You are viewing a plain text version of this content. The canonical link for it is here.
Posted to issues@hbase.apache.org by "Jean-Daniel Cryans (JIRA)" <ji...@apache.org> on 2012/11/29 22:36:59 UTC

[jira] [Commented] (HBASE-5844) Delete the region servers znode after a regions server crash

    [ https://issues.apache.org/jira/browse/HBASE-5844?page=com.atlassian.jira.plugin.system.issuetabpanels:comment-tabpanel&focusedCommentId=13506832#comment-13506832 ] 

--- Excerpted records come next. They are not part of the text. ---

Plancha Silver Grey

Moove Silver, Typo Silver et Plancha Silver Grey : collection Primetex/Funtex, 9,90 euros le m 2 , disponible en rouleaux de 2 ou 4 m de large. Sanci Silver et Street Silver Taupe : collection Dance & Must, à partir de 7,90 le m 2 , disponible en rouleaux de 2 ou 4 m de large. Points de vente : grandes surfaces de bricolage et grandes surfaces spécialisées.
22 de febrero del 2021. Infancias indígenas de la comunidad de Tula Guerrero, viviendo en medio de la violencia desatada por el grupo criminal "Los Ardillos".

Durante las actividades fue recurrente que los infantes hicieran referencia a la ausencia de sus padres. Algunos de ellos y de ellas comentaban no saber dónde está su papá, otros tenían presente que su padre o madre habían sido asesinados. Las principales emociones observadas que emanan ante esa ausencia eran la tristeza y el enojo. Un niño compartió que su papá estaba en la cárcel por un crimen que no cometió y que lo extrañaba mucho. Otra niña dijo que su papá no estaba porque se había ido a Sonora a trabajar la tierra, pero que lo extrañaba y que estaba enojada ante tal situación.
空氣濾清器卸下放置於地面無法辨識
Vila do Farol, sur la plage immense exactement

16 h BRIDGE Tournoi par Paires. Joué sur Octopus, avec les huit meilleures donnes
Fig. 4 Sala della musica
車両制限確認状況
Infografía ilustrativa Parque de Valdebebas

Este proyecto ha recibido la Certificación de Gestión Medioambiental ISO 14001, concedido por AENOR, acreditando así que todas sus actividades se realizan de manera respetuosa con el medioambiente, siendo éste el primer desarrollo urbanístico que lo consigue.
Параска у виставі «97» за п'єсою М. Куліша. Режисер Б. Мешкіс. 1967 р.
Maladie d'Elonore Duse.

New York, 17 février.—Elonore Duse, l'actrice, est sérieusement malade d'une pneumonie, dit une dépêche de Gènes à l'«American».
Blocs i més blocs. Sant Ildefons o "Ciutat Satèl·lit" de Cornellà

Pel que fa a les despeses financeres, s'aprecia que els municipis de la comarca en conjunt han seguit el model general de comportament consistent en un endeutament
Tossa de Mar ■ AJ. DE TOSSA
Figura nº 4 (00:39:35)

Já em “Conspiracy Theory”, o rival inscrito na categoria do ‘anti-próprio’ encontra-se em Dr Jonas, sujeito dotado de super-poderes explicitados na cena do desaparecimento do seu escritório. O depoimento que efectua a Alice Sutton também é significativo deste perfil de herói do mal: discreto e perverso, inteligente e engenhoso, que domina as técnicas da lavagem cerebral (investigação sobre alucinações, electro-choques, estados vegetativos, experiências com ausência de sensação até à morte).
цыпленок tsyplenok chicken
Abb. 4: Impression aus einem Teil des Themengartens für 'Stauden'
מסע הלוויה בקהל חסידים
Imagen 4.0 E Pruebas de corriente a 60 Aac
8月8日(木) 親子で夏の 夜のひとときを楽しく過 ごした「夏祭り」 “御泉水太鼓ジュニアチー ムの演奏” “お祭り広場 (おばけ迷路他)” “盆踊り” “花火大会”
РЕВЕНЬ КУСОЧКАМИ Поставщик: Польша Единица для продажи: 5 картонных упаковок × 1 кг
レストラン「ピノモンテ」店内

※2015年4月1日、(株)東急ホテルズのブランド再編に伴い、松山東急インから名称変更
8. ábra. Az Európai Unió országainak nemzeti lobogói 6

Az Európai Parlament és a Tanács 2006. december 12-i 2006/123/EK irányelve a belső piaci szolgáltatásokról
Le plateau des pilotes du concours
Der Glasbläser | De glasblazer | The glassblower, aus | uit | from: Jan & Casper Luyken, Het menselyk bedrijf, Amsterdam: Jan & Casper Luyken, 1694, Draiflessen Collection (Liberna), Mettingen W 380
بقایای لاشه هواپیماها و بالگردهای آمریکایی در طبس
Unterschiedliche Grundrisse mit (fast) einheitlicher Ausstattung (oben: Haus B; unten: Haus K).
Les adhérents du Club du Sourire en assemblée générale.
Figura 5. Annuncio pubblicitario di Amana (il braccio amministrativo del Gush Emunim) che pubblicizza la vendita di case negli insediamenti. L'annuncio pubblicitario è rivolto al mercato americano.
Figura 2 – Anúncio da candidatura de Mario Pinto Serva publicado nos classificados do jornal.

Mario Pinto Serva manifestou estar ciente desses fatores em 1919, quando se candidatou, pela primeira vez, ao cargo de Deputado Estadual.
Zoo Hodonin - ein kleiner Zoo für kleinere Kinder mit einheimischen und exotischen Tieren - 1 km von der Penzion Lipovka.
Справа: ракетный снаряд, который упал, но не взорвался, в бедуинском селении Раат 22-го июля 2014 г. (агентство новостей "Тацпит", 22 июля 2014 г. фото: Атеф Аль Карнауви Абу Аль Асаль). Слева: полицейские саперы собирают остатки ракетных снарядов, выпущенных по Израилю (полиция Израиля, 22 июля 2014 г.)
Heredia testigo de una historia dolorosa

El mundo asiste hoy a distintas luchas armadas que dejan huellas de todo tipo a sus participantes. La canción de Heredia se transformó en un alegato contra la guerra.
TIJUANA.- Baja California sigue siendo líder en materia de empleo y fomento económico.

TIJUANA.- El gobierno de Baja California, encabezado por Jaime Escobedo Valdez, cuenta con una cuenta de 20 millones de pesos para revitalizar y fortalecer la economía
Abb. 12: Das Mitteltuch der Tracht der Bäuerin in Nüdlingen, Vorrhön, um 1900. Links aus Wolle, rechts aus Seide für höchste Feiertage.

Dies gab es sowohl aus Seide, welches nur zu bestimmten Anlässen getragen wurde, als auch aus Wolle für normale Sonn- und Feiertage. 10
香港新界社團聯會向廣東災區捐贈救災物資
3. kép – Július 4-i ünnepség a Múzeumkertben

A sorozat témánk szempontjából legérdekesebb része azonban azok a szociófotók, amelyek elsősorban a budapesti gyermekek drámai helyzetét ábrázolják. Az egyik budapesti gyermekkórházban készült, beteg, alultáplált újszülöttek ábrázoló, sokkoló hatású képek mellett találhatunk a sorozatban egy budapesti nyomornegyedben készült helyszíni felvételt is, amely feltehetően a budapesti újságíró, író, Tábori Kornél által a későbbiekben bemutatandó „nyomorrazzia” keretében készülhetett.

Jean-Daniel Cryans commented on HBASE-5844:
-------------------------------------------

Encountered another problem that I think I can link to this jira, I was trying to run HBase from trunk without internet access and like in my Sept 25th comment, I get an empty line after start-hbase.sh but now nothing is running. The .log file doesn't show anything after logging ulimit and nothing's in the .out file. After running some bash -x, I was able to figure out that the nohup output was being suppressed. See:

{noformat}
jdcryans-MBPr:hbase-github jdcryans$ ./bin/start-hbase.sh 
jdcryans-MBPr:hbase-github jdcryans$
jdcryans-MBPr:hbase-github jdcryans$ bash -x ./bin/start-hbase.sh 
... some stuff then
+ /Users/jdcryans/git/hbase-github/bin/hbase-daemon.sh start master
jdcryans-MBPr:hbase-github jdcryans$ bash -x /Users/jdcryans/git/hbase-github/bin/hbase-daemon.sh start master
... more stuff
+ nohup /Users/jdcryans/git/hbase-github/bin/hbase-daemon.sh --config /Users/jdcryans/git/hbase-github/bin/../conf internal_start master
jdcryans-MBPr:hbase-github jdcryans$ nohup /Users/jdcryans/git/hbase-github/bin/hbase-daemon.sh --config /Users/jdcryans/git/hbase-github/bin/../conf internal_start master
appending output to nohup.out
{noformat}

So now I see that it's writing to nohup.out, which in turn tells me what really happened:

{noformat}
Caused by: java.lang.ClassNotFoundException: org.apache.zookeeper.KeeperException
	at java.net.URLClassLoader$1.run(URLClassLoader.java:202)
	at java.security.AccessController.doPrivileged(Native Method)
	at java.net.URLClassLoader.findClass(URLClassLoader.java:190)
	at java.lang.ClassLoader.loadClass(ClassLoader.java:306)
	at sun.misc.Launcher$AppClassLoader.loadClass(Launcher.java:301)
	at java.lang.ClassLoader.loadClass(ClassLoader.java:247)
{noformat}

Reproing can be done by physically deleting any jar listed in target/cached_classpath.txt. In my case I think the jar wasn't available because I had no internet connection.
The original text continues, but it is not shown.